As we announced last week at The Year Ahead event at London’s Waldorf Hilton, Adwanted UK and The Media Leader will be partnering the newly launched Media Knowledge Company to bring back Media Mind — the inter-agency quiz for the best media brains.
With the support of Isba, Advertising Association, IPA and Manchester Publicity Association, we are seeking Britain’s most knowledgeable media agency. Agencies will compete against each other in person, leading to a grand final in the second half of 2025.
Agency-hosted quizzes will celebrate industry knowledge and promote fierce (but friendly!) competition — all while having fun and inspiring colleagues with the depth of knowledge agencies have in their ranks.

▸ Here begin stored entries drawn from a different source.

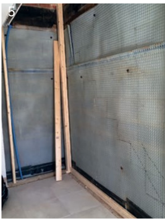
5 The staircase was removed and the lift shaft was built to overcome the issue of insufficient head room for the chosen model
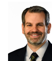
Nikki DeBuse Forest Grove News Times - Hillsboro Tribune
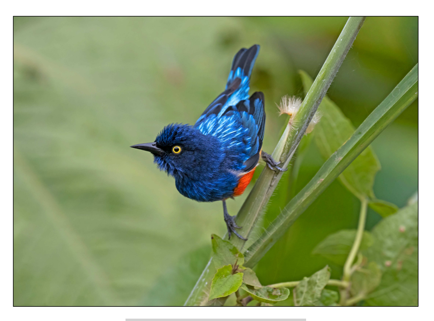
Scarlet-breasted Dacnis from Canande Reserve
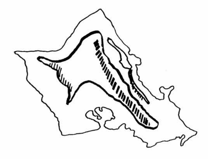
Figure 1. Areas currently supporting koa (////) and proven potential to support koa (within dark lines) on O'ahu.

tunity to build forests on lands recently vacated by the sugar trade to ensure that in the long term we catch and hold the maximum amount of precipitation that passes over the islands. It is also worth mentioning the relative ease with which these lands could be managed compared to the more precipitous or inaccessible interior regions.
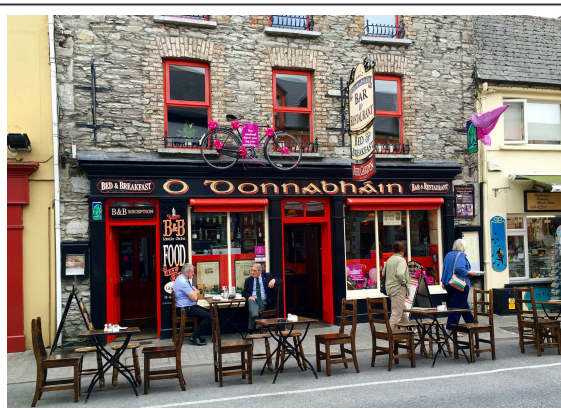
Streets and pubs of Kenmare

End of this 8th stage, quite tiring, especially because of the wind. But Kenmare, with its numerous pubs, opens us the appetite. Really welcoming city that I advise you to visit.

One of the strengths of our industry is the interaction between media owners, agencies and advertisers. Quite rightly, there is fierce competition to persuade clients of the best place to spend their marketing money.

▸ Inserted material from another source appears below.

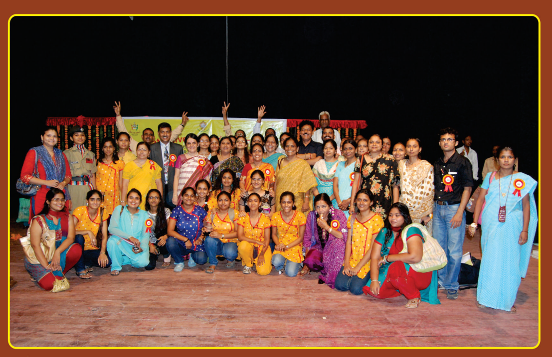
🔺 સફળતાપૂર્વક સંપન્ન થયેલ 'સબરસ-૨૦૧૦' યુવક મહોત્સવના સમાપન પ્રસંગે હર્ષોલ્લાસિત એસ.એલ.યુ.પરિવારજનો

To reflect this, we have partnered sponsors (see below) across various sectors to source the questions for our contestants. Media owners and industry bodies are perfectly placed to know the key stats that make their offering so important.
Once spaces are booked, we will be in touch with practical details, including face-to-face briefing sessions. These will help competing agencies swot up on all the key facts, with a suite of online assets including Adwanted Connected, articles from The Media Leader and recommendations from our category sponsors.
Having collated all of this information, we will have a wonderful framework of knowledge to offer competing agencies that they can share with their staff. The context this provides will hold them in good stead for those big client discussions.
Finally, we want to continue the industry’s great tradition of holding events that bring us all together. From battle of the bands and Channel 4’s five-a-side to the Nabs Rugby Sevens and institutions like the Media Business Course, the industry has a proud record of providing forums for people to grow their network, develop their career and support a good cause. Media Mind will provide such a forum.
Both Nabs and the IPA have been promoting support for mental health, so it gives me great pleasure to announce Mind as our charity partner. With one in four of us facing mental health challenges and these issues doubling for young people since 2017, Media Mind will help raise awareness of the work that Mind does and give the charity a platform to share the practical support it can offer people.
How can I be so certain that the quiz will be a celebration of knowledge, competition and fun? Well, more experienced readers may recall that the dream team of David Fletcher, Simon Cox and yours truly are the reigning Media Mind champions when we represented CIA in the late 1990s.
I am sure Kelly Parker and her team at Wavemaker will be keen retain the title, but it is certainly high time we passed the crown on to a new agency team who will need to know far more than we ever did and possess those craft skills and knowledge that clients value so much.